The Greek Competition Law (Law 3959/2011) was recently amended by Law 4886/2022 (the “Amending Law”)1 . In addition to implementing Directive (EU) 2019/1 into Greek law, the Amending Law brought about significant changes in Greek competition law, both substantial and procedural. Among others:
1. New types of prohibited unilateral conduct
The Amending Law added a new article 1A to the Competition Law prohibiting (a) invitation to collude and (b) price signalling. Both prohibitions enter into force on 1 July 2022 and they are applicable to undertakings with a turnover of at least EUR50 million and employing at least 250 employees. More specifically:
a) Invitation to collude (article 1A(1) of the Competition Law)
Undertakings are prohibited from proposing, coercing, offering incentives or inviting in any way whatsoever another undertaking to participate in an agreement, decision by an association of undertakings or concerted practice having as its object the prevention, restriction or distortion of competition in the Greek market and consisting in:
- fixing prices;
- limiting or controlling production, supply, technical development or investment; and
- sharing markets or sources of supply.
b) Price signalling (article 1A(2) of the Competition Law)
Undertakings are prohibited from communicating information on prices, discounts, offers or credit with respect to products which they purchase or supply, if (a) such communication restricts effective competition on the Greek market, and (b) it does not constitute a “standard commercial practice”.
In determining whether effective competition is restricted, the following are taken into account:
- the level of individualization of the data;
- whether the data refer to future conduct;
- whether the data are publicly available or not;
- whether the communication forms part of a body of similar communications by the undertaking;
- whether there is a record of cartels in the same market or sector between the same undertakings;
- the degree of concentration of the relevant market.
Signalling is not considered as restrictive of competition, if it is addressed exclusively to the end users of the relevant products or services.
It remains to be seen how the HCC will interpret and apply this new provision, including the concept of “standard commercial practice” justifying price signalling. In any case, large undertakings exceeding the abovementioned thresholds should carefully review their relevant practices.

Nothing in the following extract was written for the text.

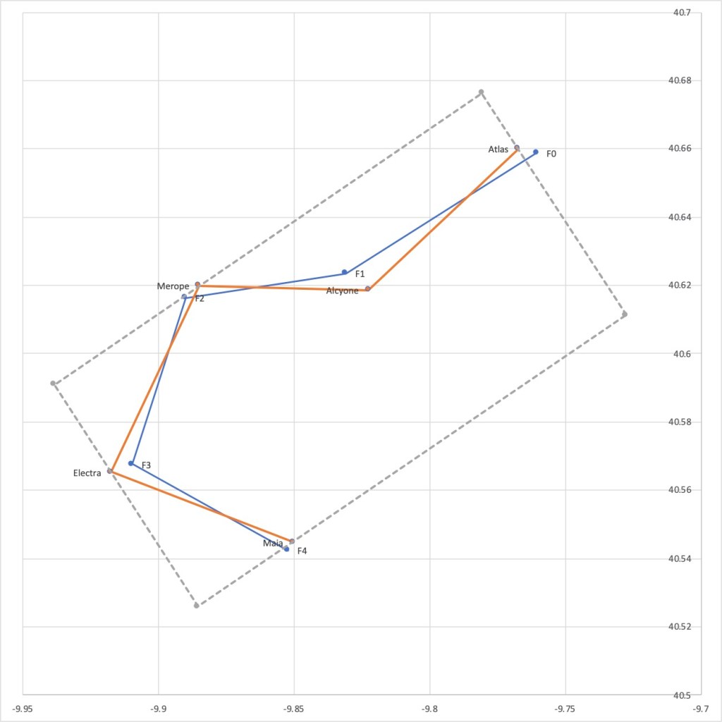 The matching process computes a transformation from stellar coordinates to ground coordinates. If the City corresponds to the Pleiades, by reversing the transformation, we can determine the location in the celestial sphere corresponding to the Face. Currently, there are no stars at this location, which led Herschel to hypothesize that it could have once pointed to a star that has since moved over the course of many thousands of years. But there is another possibility.

It is explicitly clarified in the law that, where the above types of conduct fulfil the conditions of application of articles 1(1) and (2) of the Competition Law or articles 101 and 102 TFEU, they will be assessed exclusively on the basis of those provisions. For example, this will happen if signalling amounts to an agreement, decision by an association of undertakings or concerted practice, in which case it will be assessed in accordance with the rules regarding exchange of competitively sensitive information.
2. No-action letters
Inspired by EU practice, the Amending Law added a new article 37A to the Competition Law providing for the issuance of no-action letters with respect to any type of agreements, concerted practices or decisions by associations of undertakings as well as with respect to unilateral conduct. Such no-action letters may be issued for reasons of public interest, such as in order to achieve targets of sustainable development, a situation of emergency not being a necessary prerequisite.
No-action letters are issued by the Chairman of the HCC following a relevant application by the undertaking and a recommendation by the General Directorate of Competition.The HCC Chairman’s no-action letters are not binding on the HCC or the Courts and they may be revoked in case of change of circumstances or if the facts on which they are based were inaccurate or misleading.
The HCC is expected to issue a decision setting out in more detail the criteria, conditions and procedure for the issuance of no-action letters.